(EXTRACTED RECORDS Opens)

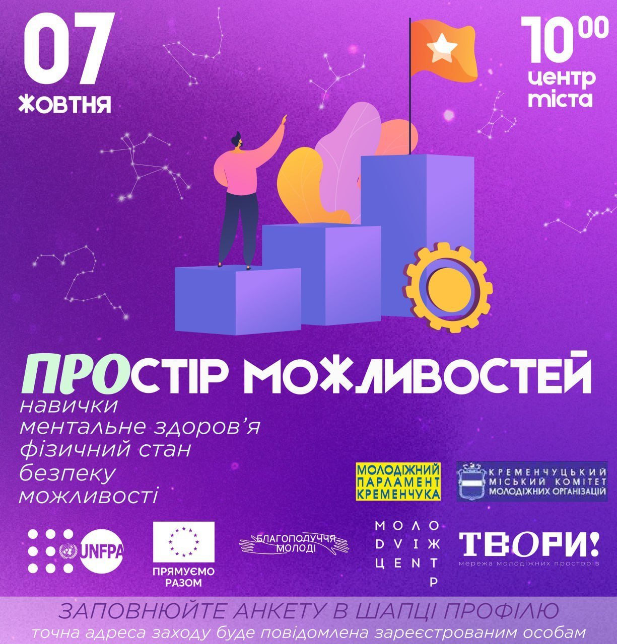 Подія «ПРОстір можливостей» відбудеться 7 жовтня з 10.00 до 14.00 в центральній частині міста (точну локацію організатори додатково повідомлять зареєстрованим людям). Під час реєстрації можна обрати цікавий для вас тренінг/семінар та зручний час. Реєстрація до 5 жовтня за посиланням.
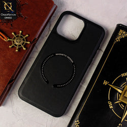 - iPhone 14 Pro Max Cover - Black - Leather Texture Silicon Magnetic Design Soft Case
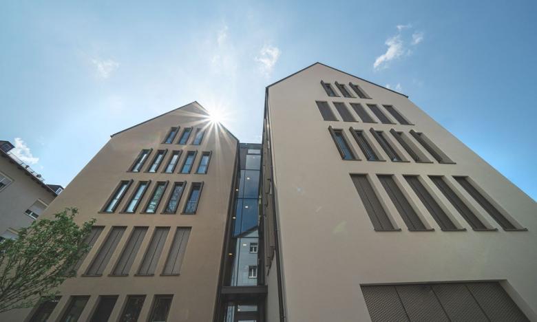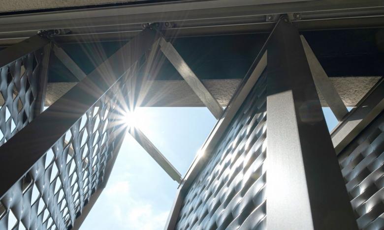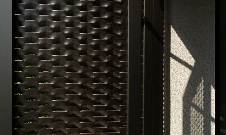 Der Bau stammt aus der Feder der Braunger Wörtz Architekten. Sie entschieden sich mit dem Faltscherenladen von Griesser für die Designikone unter den Fensterläden. Der Sonnenschutz ist nicht nur an der Fassade ein ästhetisches Highlight, sondern auch im Innern des Gebäudes. Die verschiedenen Öffnungswinkel sowie die Maschungen in den Paneelen erzeugen aussergewöhnlich schöne Licht- und Schattenspiele im Raum. Die Architekten wählten das beliebte Modell Sentum Slim, das über ein stilvolles Streckmetallprofil verfügt. Besondere Akzente setzen die Farben: Die Faltscherenläden sind in einem Bronze-Ton beschichtet, die Schienen und Blenden in einer eleganten tiefmatten Struktur.
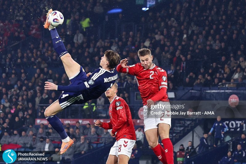 جماران ورزشی؛ در جریان دیدار تیم های ملی فوتبال اسکاتلند و دانمارک در انتخابی جام جهانی 2026، اسکات مک تومینای یک گل با ضربه برگردان وارد دروازه دانمارک کرد.
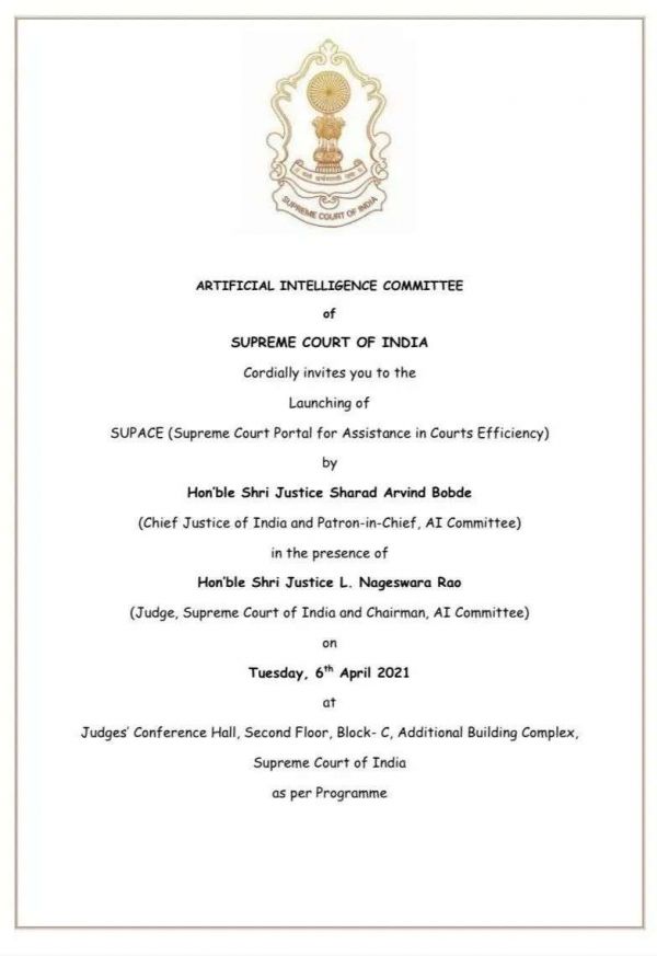 SUPACE 由印度首席大法官 SA Bobde (沙拉德·阿尔温德·博布德)发起。
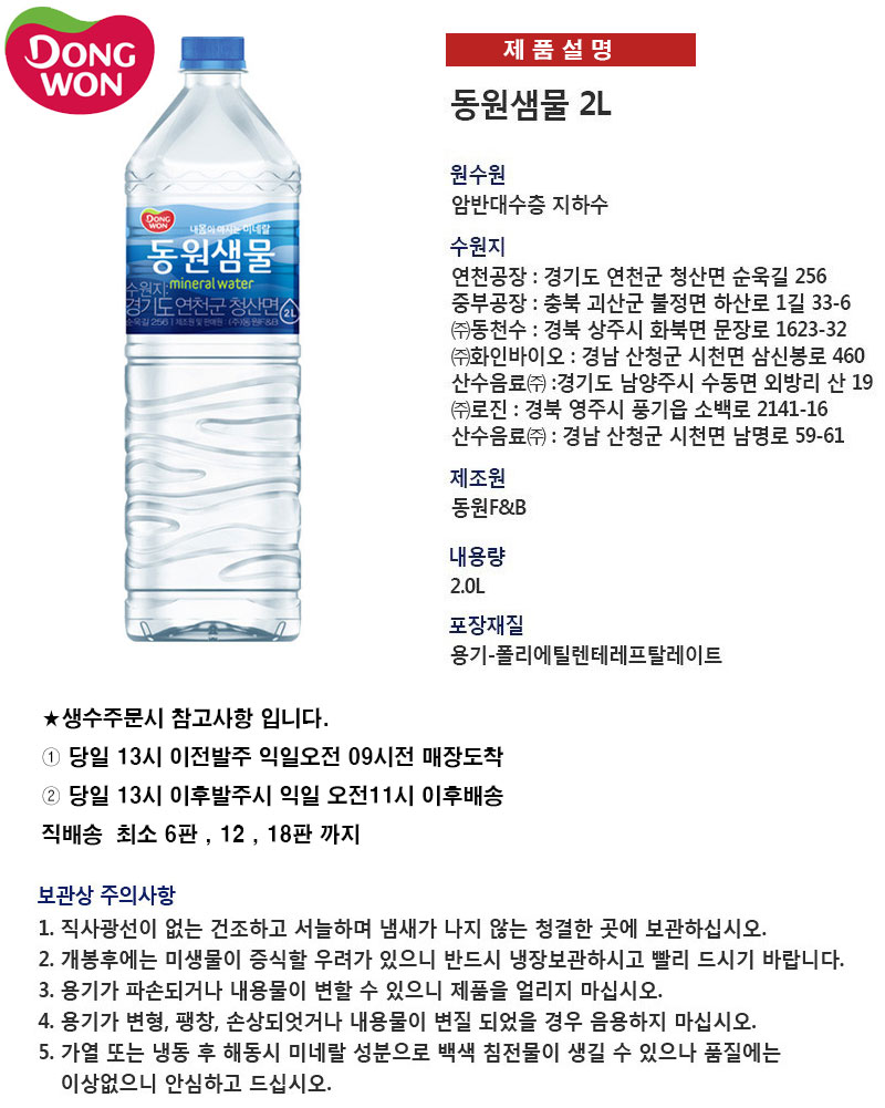 동원샘물 2L
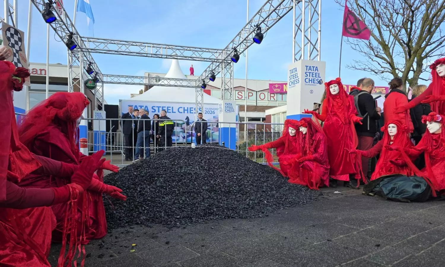 The protestors dumped 2025 kilo of coal at the entrance of 2026 Tata Steel Chess Masters venue
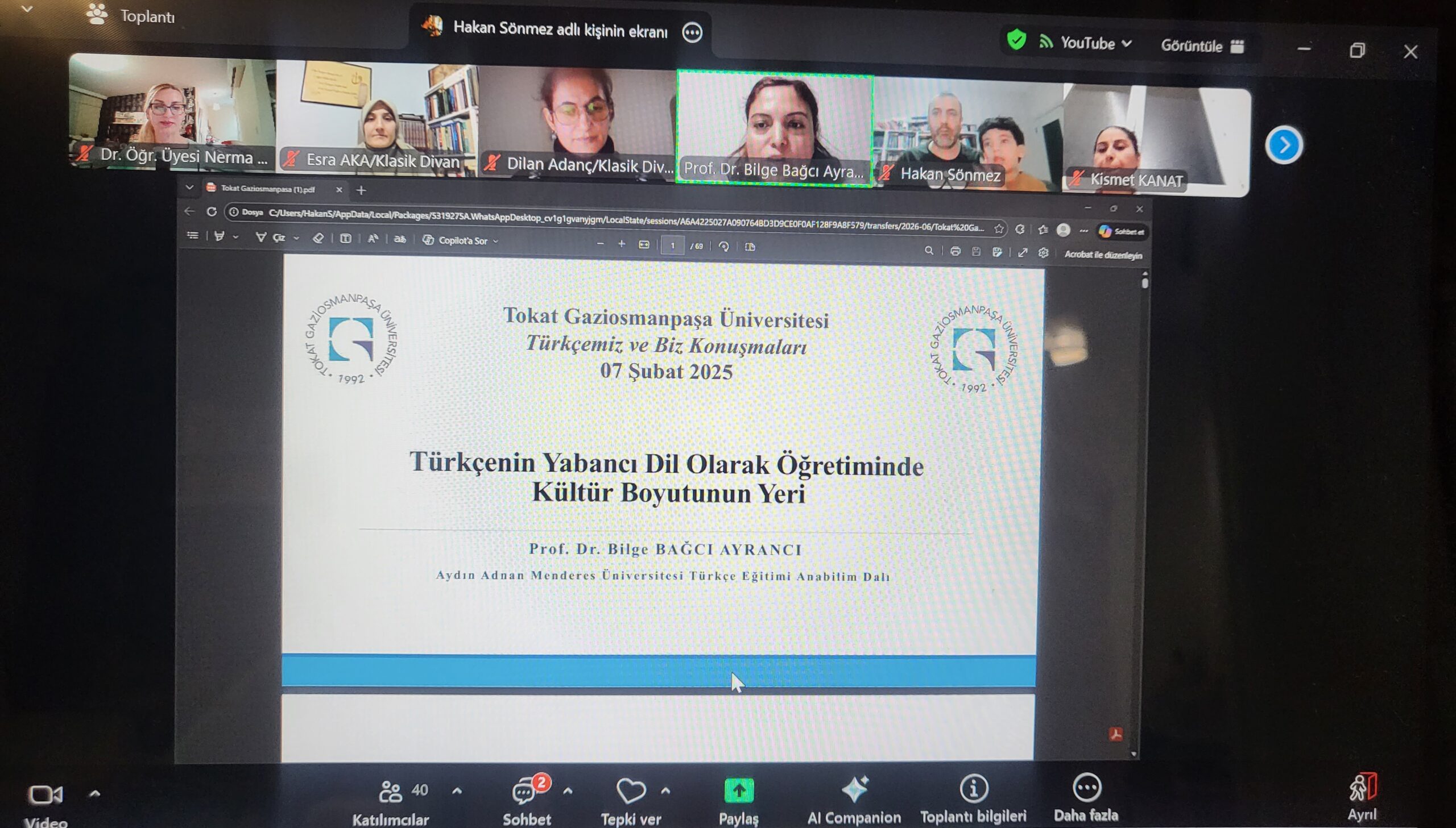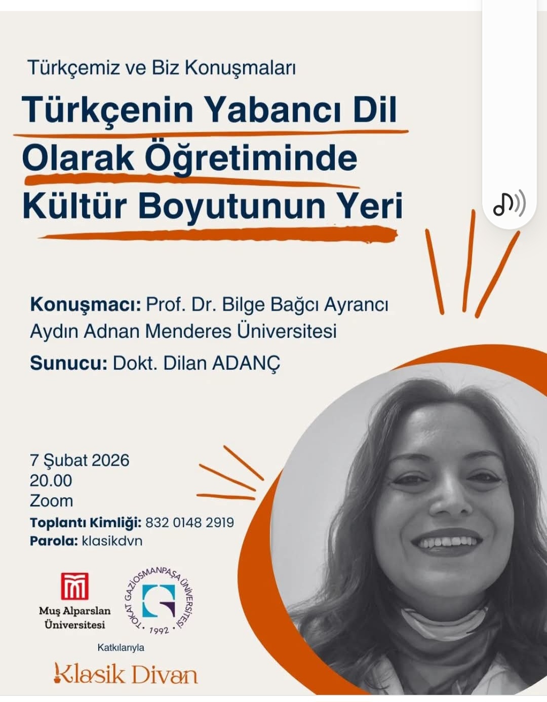 Muş Alparslan Üniversitesi TÖMER ve Tokat Gaziosmanpaşa Üniversitesi TÖMER iş birliğiyle düzenlenen “Türkçemiz ve Biz Konuşmaları” serisinin 7 Şubat 2026 oturumu, Aydın Adnan Menderes Üniversitesi Öğretim Üyesi Prof. Dr. Bilge BAĞCI AYRANCI’nın katılımıyla gerçekleştirildi.

(EXTRACTED RECORDS Closes)

INSTRUCTIONS TO FOLLOW:
Restate word for word the lines that begin at the one containing "جماران ورزشی؛ در" and end with the final line of the records. Pictures stay out.

ANSWER BELOW:
 جماران ورزشی؛ در جریان دیدار تیم های ملی فوتبال اسکاتلند و دانمارک در انتخابی جام جهانی 2026، اسکات مک تومینای یک گل با ضربه برگردان وارد دروازه دانمارک کرد.
 SUPACE 由印度首席大法官 SA Bobde (沙拉德·阿尔温德·博布德)发起。
 동원샘물 2L
 The protestors dumped 2025 kilo of coal at the entrance of 2026 Tata Steel Chess Masters venue
 Muş Alparslan Üniversitesi TÖMER ve Tokat Gaziosmanpaşa Üniversitesi TÖMER iş birliğiyle düzenlenen “Türkçemiz ve Biz Konuşmaları” serisinin 7 Şubat 2026 oturumu, Aydın Adnan Menderes Üniversitesi Öğretim Üyesi Prof. Dr. Bilge BAĞCI AYRANCI’nın katılımıyla gerçekleştirildi.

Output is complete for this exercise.